I binge stuff all the time, so I’ll go with the most recent: I watched all of Luke Cage on Netflix the night it was released (they were available here starting at 2 a.m.). I read all of the “Mr. Mercedes” books by Stephen King over the course of a weekend. I watched Season 6 of Archer just yesterday.

My job has a 4-days-on/3-days-off schedule, so I can binge something and still have a full weekend of outdoor activities. I also like bingeing tv because I have a “couch potato” workout I do between eps. When people say “you’re in pretty good shape” it’s fun to reply “Well, I watch a lot of television.”

After the 1st season of The Expanse (TV series) ended, I went through all 5 novels it’s based on in a couple of weeks. Combination of e-book and audiobook - bought both from Amazon; Kindle app syncs progress between them.

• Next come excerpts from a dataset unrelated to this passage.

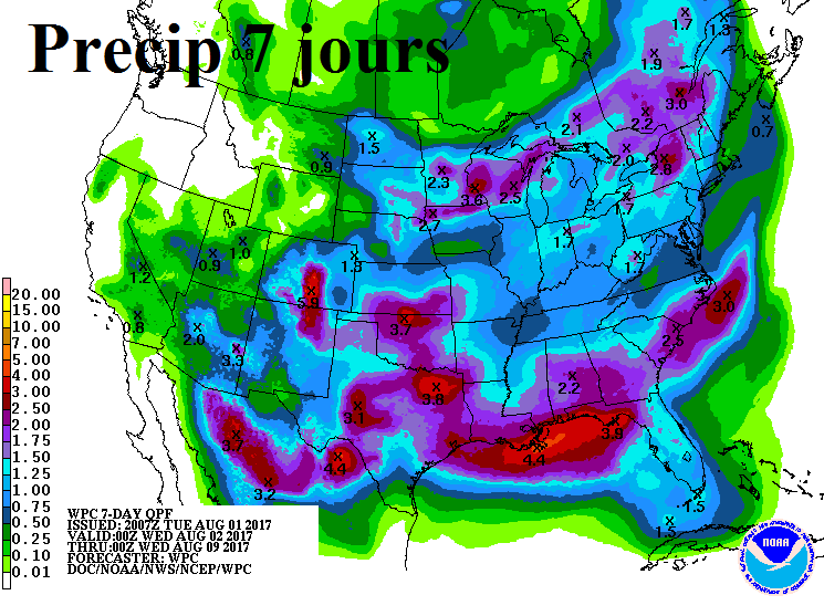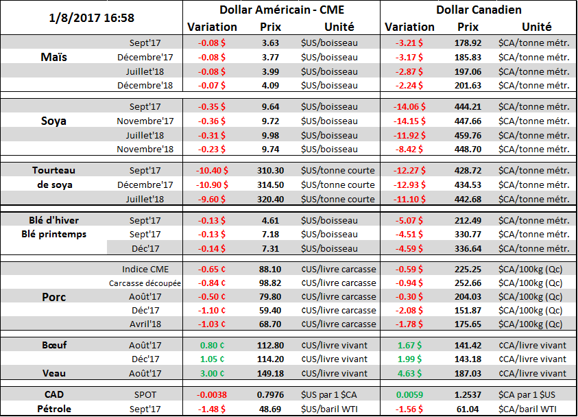 On pourrait dire que c’est Turnaround Tuesday, que les fonds ont vendu des contrats et que cela a eu un impact sur l’ensemble des marchés. Je trouve que c’est souvent une raison utilisée à outrance pour tenter d’expliquer chaque mouvement, à chaque jour. Nous sommes à une période de l’année très volatile ou chaque jour on doit recalculer l’offre-demande afin d’évaluer les inventaires de fin. Le rapport sur la condition des cultures hier soir donnait l’information comme quoi la situation dans le soja s’améliore. En plus les cartes météo pointe vers des conditions plus clémente pour le remplissage des gousses; précipitations et absence de chaleur accablante. Est-ce que ça veut absolument dire que la récolte est faite et qu’elle sera abondante? Non. Ça veut juste dire qu’en ce moment les chances qu’elle se dégrade significativement dans les prochaines semaines sont plus faibles.
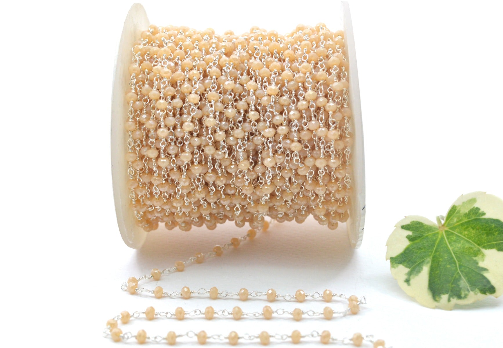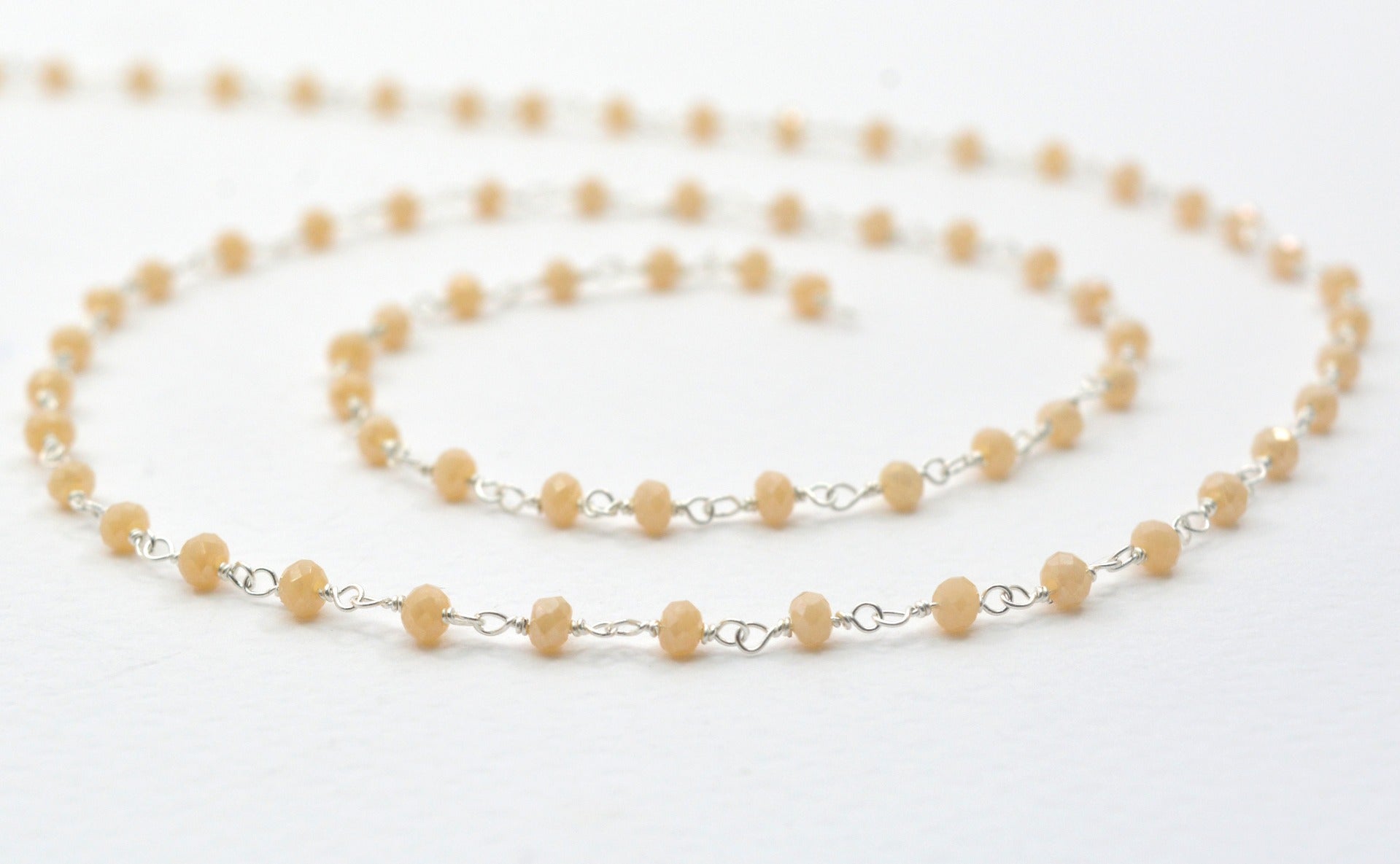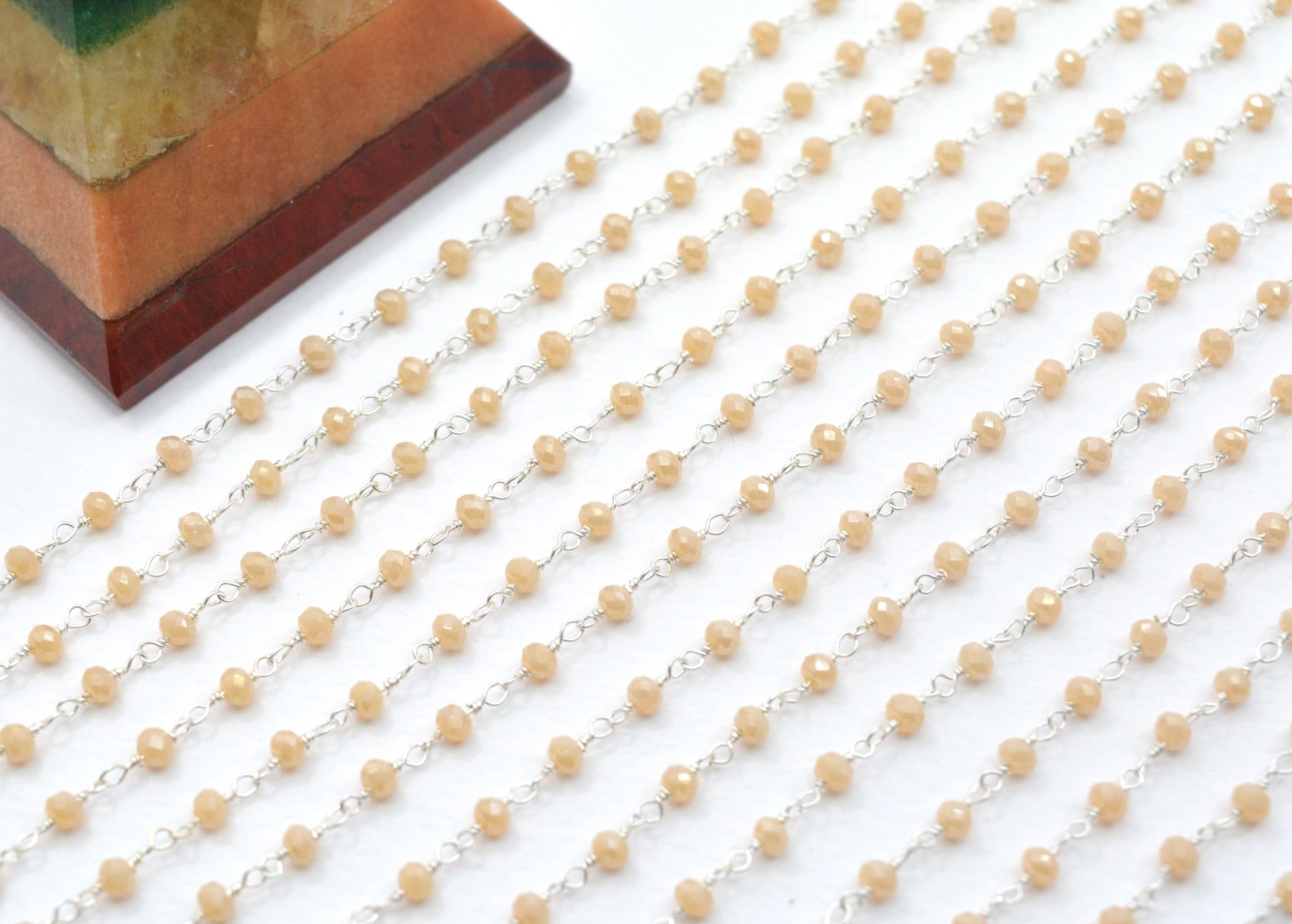 The gorgeous handmade 925 Sterling Silver Gold Rosary Chain Studded With Peach Chalcedony Coated Stone is perfect finding for DIY jewelry making and can be used in multiple different ways and design.
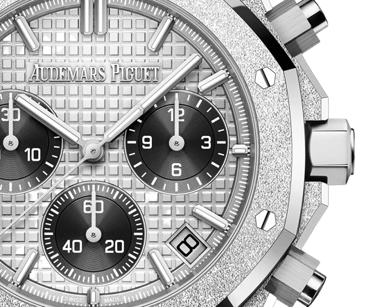 This Japan-dedicated 41 mm Chronograph features an 18-carat white gold case and bracelet decorated with Frosted Gold as well as a grey "Grande Tapisserie" dial contrasted by black counters. Hammered 18-carat white gold case, glareproofed sapphire crystal, screw-locked crown. Grey dial with “Grande Tapisserie” pattern, black counters, white gold applied hour-markers and Royal Oak hands with luminescent coating. Hammered 18-carat white gold bracelet with AP folding clasp.
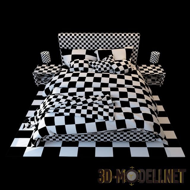 Современная двуспальная кровать от бренда Blest, серия Michelle, коллекция Unison. Коллекция включает в себя всю необходимую мебель для спальни: столик, банкетка, пуф, и, разумеется, кровать. Варианты обивки могут быть текстиль или натуральная кожа. По желанию кровать может быть изготовлена с нишей для белья. Дно нише съемное, что позволяет легко содержать в чистоте пространство под кроватью, не перемещая ее. Кровати с нишей имеют подъемный механизм. Michelle дополнена двумя удобными прикроватными тумбами, настольными лампами Eglo 31594, ковром USA и книгами.

(Actually the 1st season of the TV series only covers the first half of the first novel.)

Me too. For me, it was a poor choice, because it made clear how ridiculously formulaic it was. Mystery ailment. Wrong diagnosis 1. Nearly Fatal reaction 1. Bad diagnosis 2. Nearly fatal reaction 2. Someone makes a comment. House cocks and eyebrow, squints, sighs and orders a new treatment. Patient recovers.

I watched Breaking Bad with no ill effects whatsoever.

We watched the whole of Downton Abbey 3 or 4 episodes a night over consecutive nights. I have no idea why I found it so enjoyable; I hate the privileged classes like only a working-class oik can. Guess I was happy to be visually and mentally wrapped in something warm and fluffy after a cruel day’s work.

Firefly

Each series of “Miss Fisher’s Murder Mysteries” for IMCDb.